# My new Linnie boys



## Cody

Say hello to my 2 new Linnies, the green one is 3 months old and the blue one is 7 months old. I still have not named them, I am waiting to see what type of personalities they have.They sure are the opposite of budgies, these guys are quiet and slow moving.


----------



## eduardo

*Wow, they are beautiful!*


----------



## Niamhf

Oh they are just stunning!!! Such little cuties too  Congratulations


----------



## Therm

Oh wow, they are stunners. That blue is amazing! :O


----------



## Jedikeet

Oh my, congrats on such an exquisite pair of new arrivals! Not only are they so adorable, the photo of them both in the same pose and pointing the same direction is too cute for words.


----------



## FaeryBee

*Congratulations on your new additions, they are beautiful little fellows!
I'll be looking forward to hearing all about them and seeing more pictures in the days to come.

Best wishes!*


----------



## Cody

Thanks everyone.
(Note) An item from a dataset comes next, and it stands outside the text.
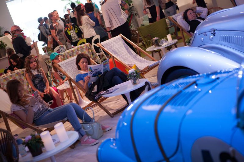 Instant 3D conçoit pour l’occasion un pavillon de 500 m2, très coloré, dans lequel se côtoient des voitures pilotée par des femmes, un simulateur de conduite sur mesure, une exposition des femmes pilotes au Mans, un bar lounge, un photocall « décapotable », des transats pour suivre la course sur grand écran, des postes de massage, maquillage, coiffure, manucure pour se faire bichonner ! Un jardin abondamment fleuri y est annexé. Le succès est au rendez-vous. Depuis, le public masculin réclame lui aussi son Pavillon !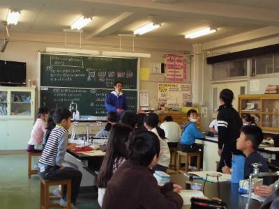 理科の実験 ビーカーにおがくず等を入れて、水を温めるとどのような動きが起こるのか、観察しました。

They make the oddest sounds, they have a little sound like a soft bleep bleep bleep it sounds like little bubbles underwater. They were caged together by the breeder so that's why they are together now. There have been a few squabbles over that sea grass mat in the picture. They sit together on it and then the green one tries to push the blue off with his foot. Watching them is like watching a slow motion movie. I have had them to the vet already and everything checked out ok, maybe once they get more comfortable they will be a bit more active.



Jedikeet said:


> Oh my, congrats on such an exquisite pair of new arrivals! Not only are they so adorable, the photo of them both in the same pose and pointing the same direction is too cute for words.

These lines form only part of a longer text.